Work task
Without any pictures, copy the records below once more, exactly as they are.
*** Extracted entries
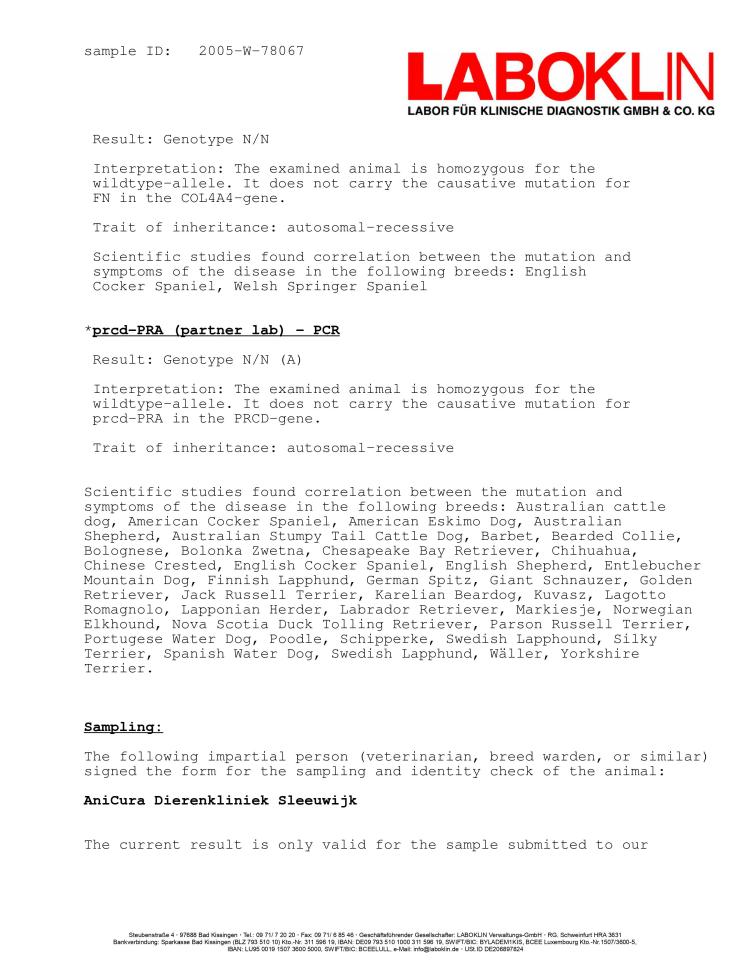 Gezondheidscertificaten Dane HeupdysplasieDownload Patella onderzoekDownload ECVODownload laboklin-1-1Download laboklin-2-1Download laboklin-3-1Download ED-certificaatDownload AON Normal/clear Embarkuitslag-HankDownload Dit delen: Klik om te delen op X (Opent in een nieuw venster) X Klik om te delen op Facebook (Opent in een nieuw venster) Facebook Vind-ik-leuk Aan het laden...
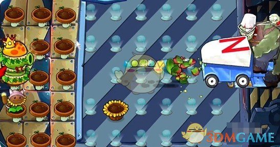 7、最后铲除多余的向日葵,补充多个寒冰仙人掌和玉米投手即可过关。
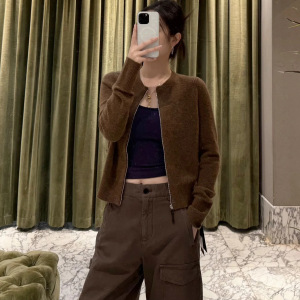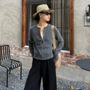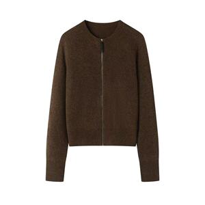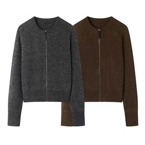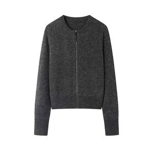 圆领金属拉链短款针织开衫女 2025年秋新品含绵羊毛纯色外套毛衣
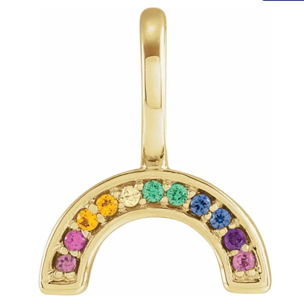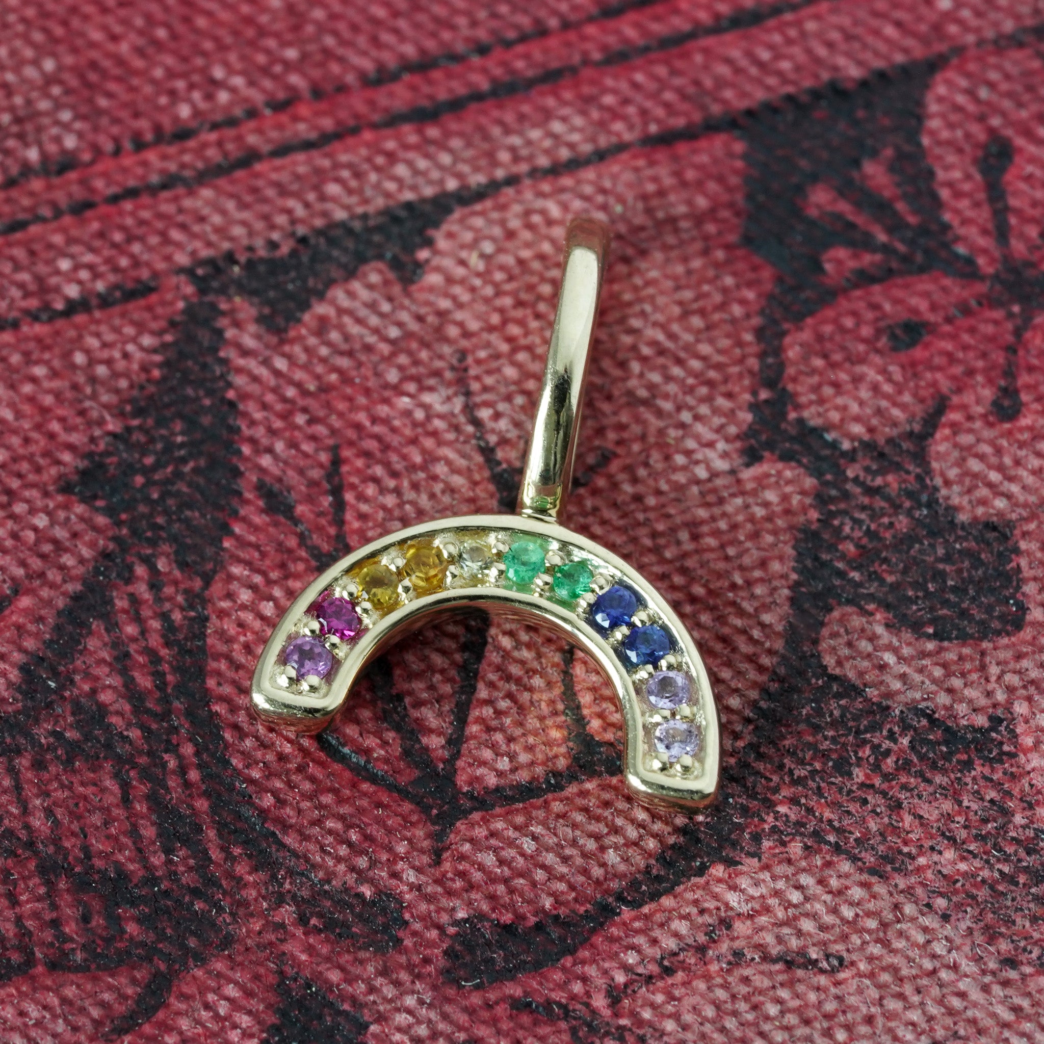 Rainbows have a variety of symbolic meanings across many cultures. For some, it is a symbol of hope or good fortune to come. For others, it is a sign of inclusivity or all-embracing love. This sweet little rainbow features an arch of natural citrine, emerald, amethyst, blue sapphire, rhodolite, ruby and yellow sapphire, all set in 14k yellow gold.
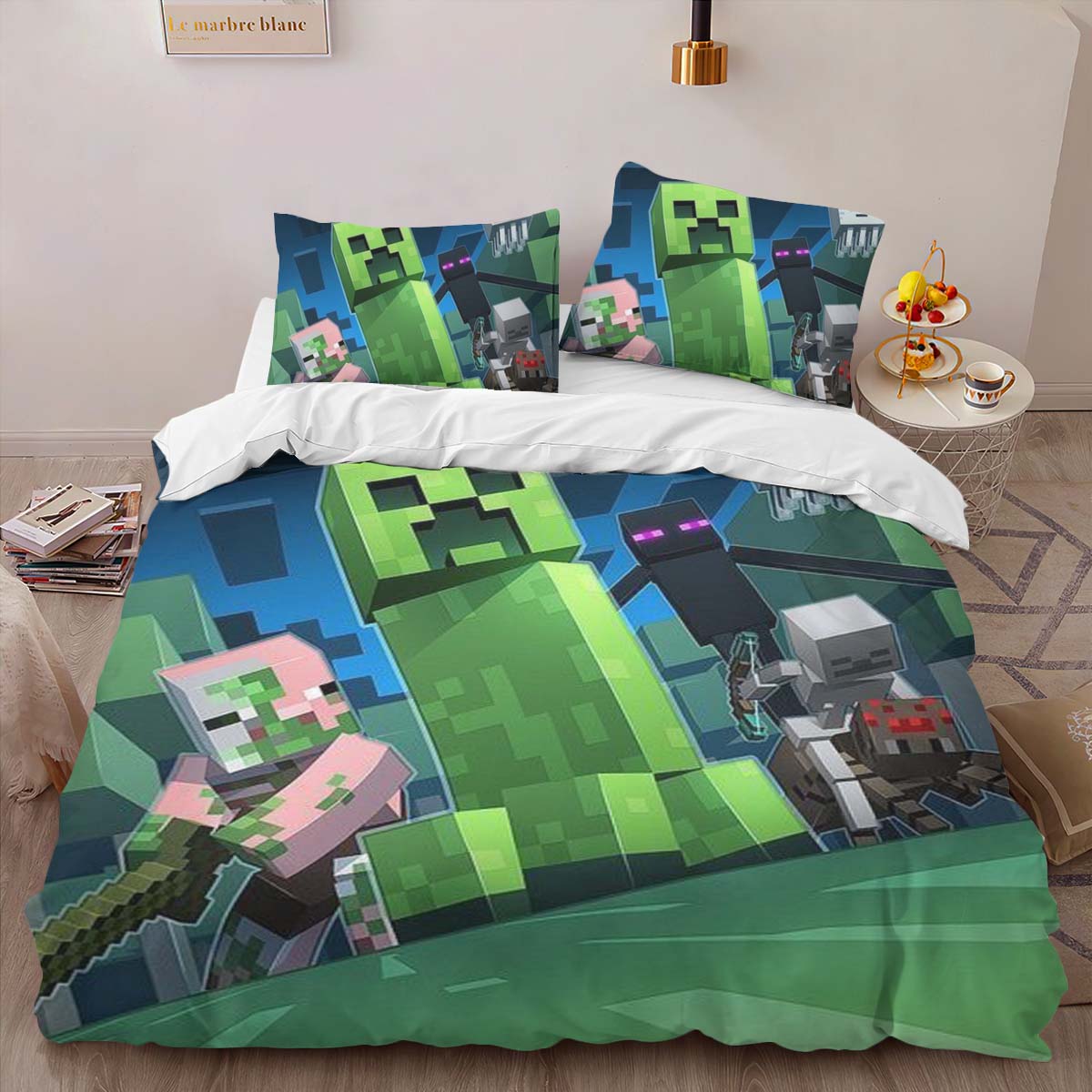 Housse De Couette Minecraft Steve sous l’Océan Parure de lit Ensemble De Literie
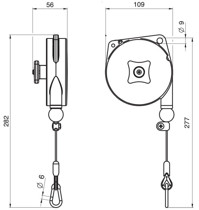 Za razliku od većih balansera, retrakcijski balanser 0,2-3kg je kompaktan i lagan (samo 2.8-3.25kg). Dužina kabela od 1,6 metera čini ga idealnim za male radne stanice i radionice. Lagani balanser lako se montira i demontira sa različitih lokacija bez potrebe za teškom instalacijom.
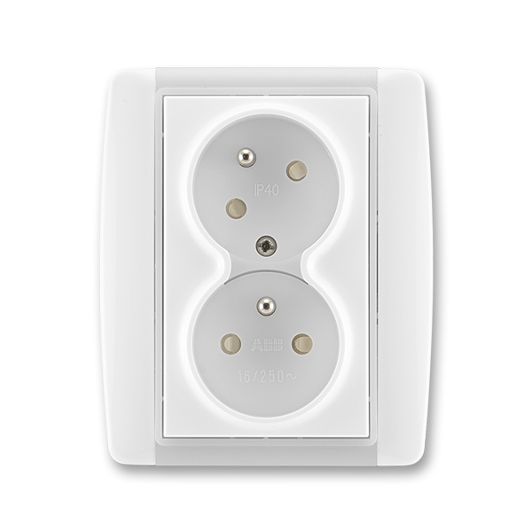 5513E-C02357 01 Zásuvka dvojnásobná s ochr. kolíky, s clonkami, s natočenou dutinou, bílá/ledová bílá (Element)
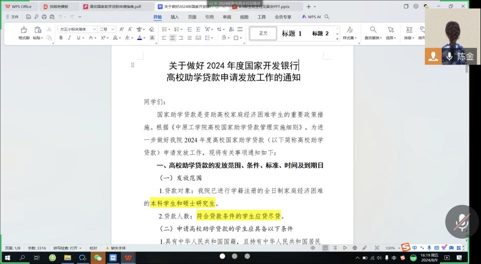 学工办副主任陈金对高校助学贷款政策进行了宣传和讲解,鼓励家庭经济困难员工积极申请助学贷款,能安心学习,无后顾之忧。接下来,班主任也将召开新生见面会,进行专业简介、资助和医保政策宣传。
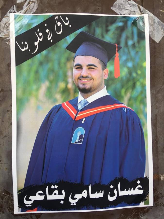حشود غفيرة شاركت في تشييع الفقيد الذي حمل على الأكتاف ملفوفاً بالعلم الفلسطيني من منزل عائلته بالقرب من دوار القدس الى "مسجد الشهداء"، فمدافن صيدا الجديدة، ليلتحف بعدها التراب معلناً نهاية شاب كانت يفصله عن عامه العشرين اسابيع قليلة، فكما قال والده، "كان سيطفئ شمعته العشرين في الاول من شهر تشرين الثاني، وبدلاً من ذلك انطفأت حياته، رحل عنا بعدما كان مالئاً حياتنا فرحاً وحيوية"، لافتاً" الى أنّ "والدة غسان وشقيقته التي تتابع دراستها الجامعية وشقيقيه يسكنون في ميلانو، اما انا فكنت في لبنان عند وقوع الحادث، حيث تلقيت الخبر الكارثي، تواصلت مع قنصلية لبنان هناك، انجزت اوراق نقل جثمانه، وبعدما اكرمنا الميت بدفنه، أتابع نتيجة التحقيقات لمعرفة التفاصيل وقطع الشك باليقين".
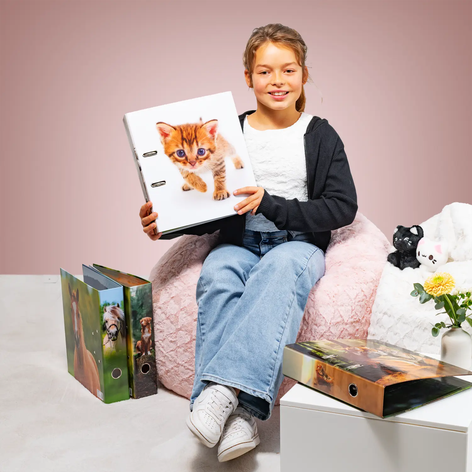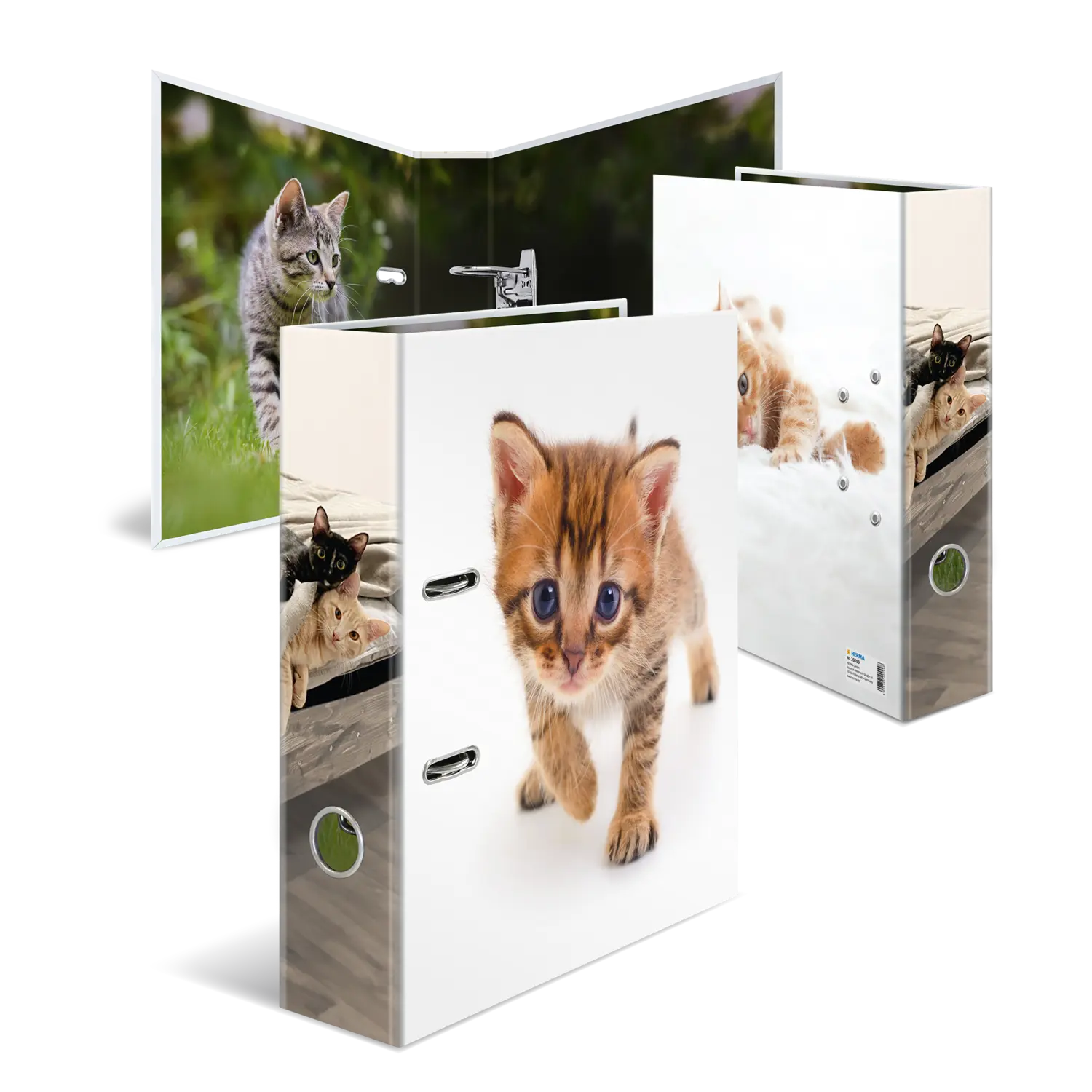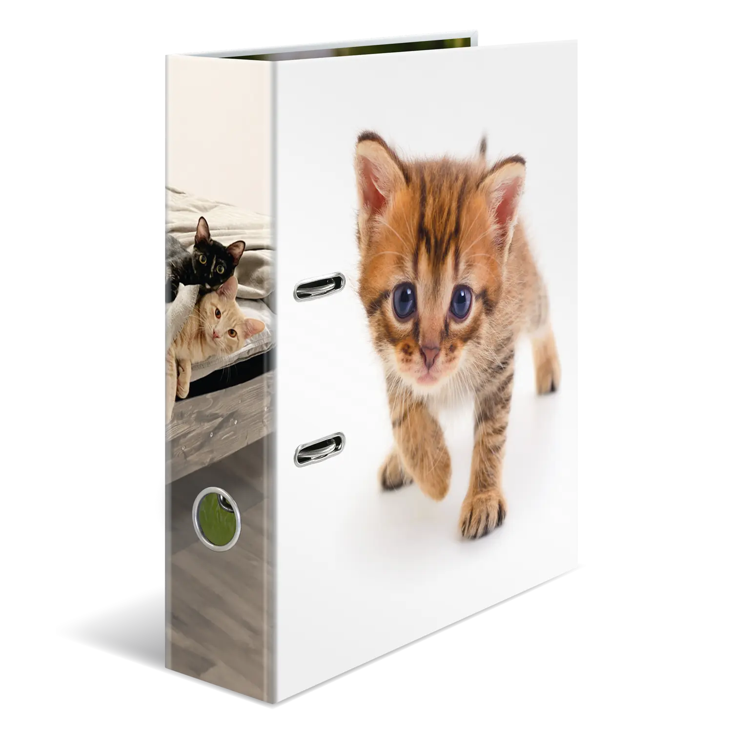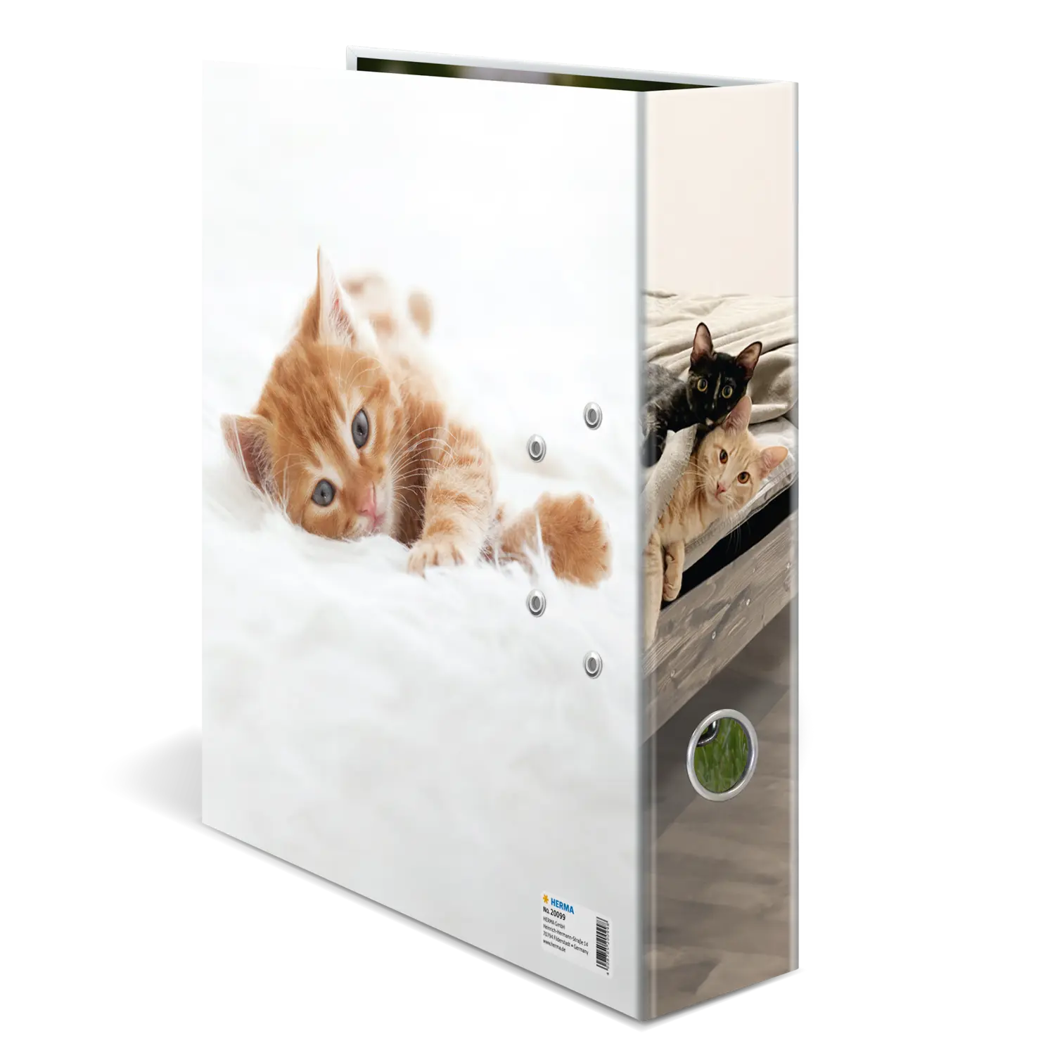 Le nouveau motif chats de la série « animaux préférés » de HERMA est parfait pour tous les amoureux des chats qui souhaitent exprimer leur passion pour ces magnifiques animaux. Ces jolis classeurs apportent de la joie au bureau ou à la maison, et aussi un peu de joie de vivre dans le quotidien. Fabriqués en carton solide et avec une finition de qualité, ces classeurs offrent un rangement idéal pour tous les documents importants. Grâce à un solide mécanisme à levier et une impression intérieure de qualité, ces classeurs sont non seulement pratiques, mais attirent aussi l'attention sur chaque bureau ou étagère. Les charmants motifs de chats inspirent et montrent l'enthousiasme pour ces fidèles compagnons. Avec un classeur personnel d'animaux préférés, l'organisation se fera à coup sûr avec le sourire pour un rangement qui fait plaisir.
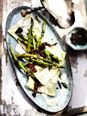 For the ravioli filling, chop 50 g dried tomatoes. Mix tapenade, tomatoes and capers. Quarter the pasta dough and roll out thinly one after the other with the pasta machine. Spread the longish half of the pasta sheet thinly with egg white. Spread the filling with a tablespoon at a distance of about 5 cm on one of the plates. Wrap the remaining half of the pastry sheet on the spread, press it down and cut out ravioli (approx. 5 x 5 cm) with a pastry wheel. Repeat the process with the rest of the dough
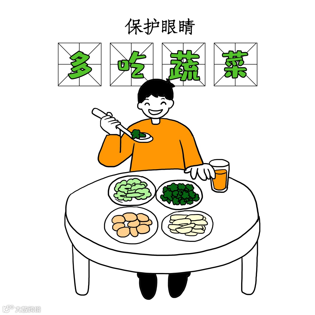 提供全面的营养:既要有富含维生素和微量元素的蔬菜水果,又要有一定量的糖、蛋白质、脂肪,如肉、蛋、奶等,因为眼睛的健康来源于全身的健康。
******
Solution
 Gezondheidscertificaten Dane HeupdysplasieDownload Patella onderzoekDownload ECVODownload laboklin-1-1Download laboklin-2-1Download laboklin-3-1Download ED-certificaatDownload AON Normal/clear Embarkuitslag-HankDownload Dit delen: Klik om te delen op X (Opent in een nieuw venster) X Klik om te delen op Facebook (Opent in een nieuw venster) Facebook Vind-ik-leuk Aan het laden...
 7、最后铲除多余的向日葵,补充多个寒冰仙人掌和玉米投手即可过关。
 圆领金属拉链短款针织开衫女 2025年秋新品含绵羊毛纯色外套毛衣
 Rainbows have a variety of symbolic meanings across many cultures. For some, it is a symbol of hope or good fortune to come. For others, it is a sign of inclusivity or all-embracing love. This sweet little rainbow features an arch of natural citrine, emerald, amethyst, blue sapphire, rhodolite, ruby and yellow sapphire, all set in 14k yellow gold.
 Housse De Couette Minecraft Steve sous l’Océan Parure de lit Ensemble De Literie
 Za razliku od većih balansera, retrakcijski balanser 0,2-3kg je kompaktan i lagan (samo 2.8-3.25kg). Dužina kabela od 1,6 metera čini ga idealnim za male radne stanice i radionice. Lagani balanser lako se montira i demontira sa različitih lokacija bez potrebe za teškom instalacijom.
 5513E-C02357 01 Zásuvka dvojnásobná s ochr. kolíky, s clonkami, s natočenou dutinou, bílá/ledová bílá (Element)
 学工办副主任陈金对高校助学贷款政策进行了宣传和讲解,鼓励家庭经济困难员工积极申请助学贷款,能安心学习,无后顾之忧。接下来,班主任也将召开新生见面会,进行专业简介、资助和医保政策宣传。
حشود غفيرة شاركت في تشييع الفقيد الذي حمل على الأكتاف ملفوفاً بالعلم الفلسطيني من منزل عائلته بالقرب من دوار القدس الى "مسجد الشهداء"، فمدافن صيدا الجديدة، ليلتحف بعدها التراب معلناً نهاية شاب كانت يفصله عن عامه العشرين اسابيع قليلة، فكما قال والده، "كان سيطفئ شمعته العشرين في الاول من شهر تشرين الثاني، وبدلاً من ذلك انطفأت حياته، رحل عنا بعدما كان مالئاً حياتنا فرحاً وحيوية"، لافتاً" الى أنّ "والدة غسان وشقيقته التي تتابع دراستها الجامعية وشقيقيه يسكنون في ميلانو، اما انا فكنت في لبنان عند وقوع الحادث، حيث تلقيت الخبر الكارثي، تواصلت مع قنصلية لبنان هناك، انجزت اوراق نقل جثمانه، وبعدما اكرمنا الميت بدفنه، أتابع نتيجة التحقيقات لمعرفة التفاصيل وقطع الشك باليقين".
 Le nouveau motif chats de la série « animaux préférés » de HERMA est parfait pour tous les amoureux des chats qui souhaitent exprimer leur passion pour ces magnifiques animaux. Ces jolis classeurs apportent de la joie au bureau ou à la maison, et aussi un peu de joie de vivre dans le quotidien. Fabriqués en carton solide et avec une finition de qualité, ces classeurs offrent un rangement idéal pour tous les documents importants. Grâce à un solide mécanisme à levier et une impression intérieure de qualité, ces classeurs sont non seulement pratiques, mais attirent aussi l'attention sur chaque bureau ou étagère. Les charmants motifs de chats inspirent et montrent l'enthousiasme pour ces fidèles compagnons. Avec un classeur personnel d'animaux préférés, l'organisation se fera à coup sûr avec le sourire pour un rangement qui fait plaisir.
 For the ravioli filling, chop 50 g dried tomatoes. Mix tapenade, tomatoes and capers. Quarter the pasta dough and roll out thinly one after the other with the pasta machine. Spread the longish half of the pasta sheet thinly with egg white. Spread the filling with a tablespoon at a distance of about 5 cm on one of the plates. Wrap the remaining half of the pastry sheet on the spread, press it down and cut out ravioli (approx. 5 x 5 cm) with a pastry wheel. Repeat the process with the rest of the dough
 提供全面的营养:既要有富含维生素和微量元素的蔬菜水果,又要有一定量的糖、蛋白质、脂肪,如肉、蛋、奶等,因为眼睛的健康来源于全身的健康。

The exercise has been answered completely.